Oral fluid and sweat specimens were collected in addition to plasma specimens for 24 h during gestation weeks 28 or 29 and 34, and 2 months after delivery. Tmax was not affected by pregnancy; however, BUP and NBUP Cmax and AUC0–24h tended to be lower during pregnancy compared to postpartum levels.
Statistically significant but weak positive correlations were found for BUP plasma and OF concentrations, and BUP/NBUP ratios in plasma and OF.
Statistically significant negative correlations were observed for times of specimen collection and BUP and NBUP OF/plasma ratios. BUP-Gluc and NBUP-Gluc were detected in only 5% of OF specimens. In sweat, BUP and NBUP were detected in only 4 of 25 (12 or 24 h) specimens in low concentrations (<2.4 ng/patch). These preliminary data describe BUP and metabolite pharmacokinetics in pregnant women and suggest that, like methadone, upward dose adjustments may be needed with advancing gestation.

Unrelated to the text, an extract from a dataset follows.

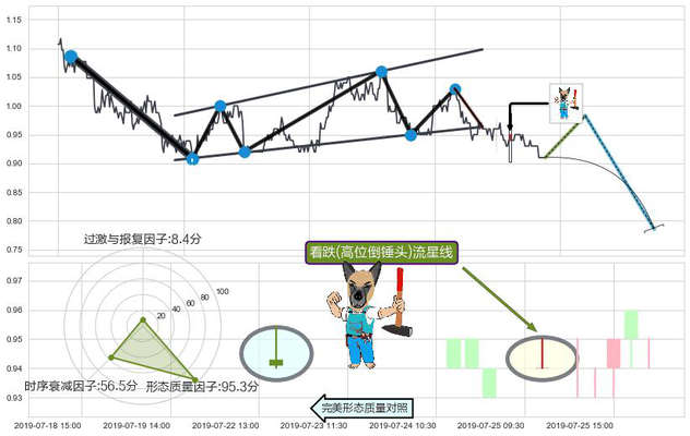 ➢ 🕰 价格走势在2019-07-25 10:30:00至2019-07-25 10:30:00期间形成看跌(高位倒锤头)流星线,残存影响值:-3.91

Buprenorphine (BUP) is a semi-synthetic opioid derived from the baine with partial agonist activity at the μ-opioid receptor. BUP is administered in low doses (0.3–0.6 mg) as an analgesic and in high doses (4–24 mg) as pharmacotherapy for opiate-dependence1. BUP oral bioavailability is low (15%) due to extensive first pass metabolism2; however, sublingual (SL) administration achieves a bioavailability of 30–55%3. Phase I BUP N-dealkylation by cytochrome P450 3A4 (CYP3A4) produces norbuprenorphine (NBUP) primarily in the liver4. BUP and NBUP Phase II metabolism involves glucuronidation to buprenorphine-glucuronide (BUP-Gluc) and norbuprenorphine-glucuronide (NBUP-Gluc) by uridine diphosphate glucuronosyltransferase (UGT) 1A1, 2B7 and 1A35, 6.
SL BUP administration occurs with alcohol-based liquid preparations or tablet formulations, containing BUP only or BUP combined with naloxone in a 4:1 ratio (combination tablet to reduce medication diversion and intravenous abuse). Several high dose BUP pharmacokinetic studies evaluated liquid and tablet formulation bioequivalence7–11, mono and combination tablet bioequivalence8, 12, 13 and different administration routes14. In these studies, only BUP7, 9–13 or BUP and NBUP8, 14 were quantified in plasma. None reported BUP- and NBUP-Gluc pharmacokinetics.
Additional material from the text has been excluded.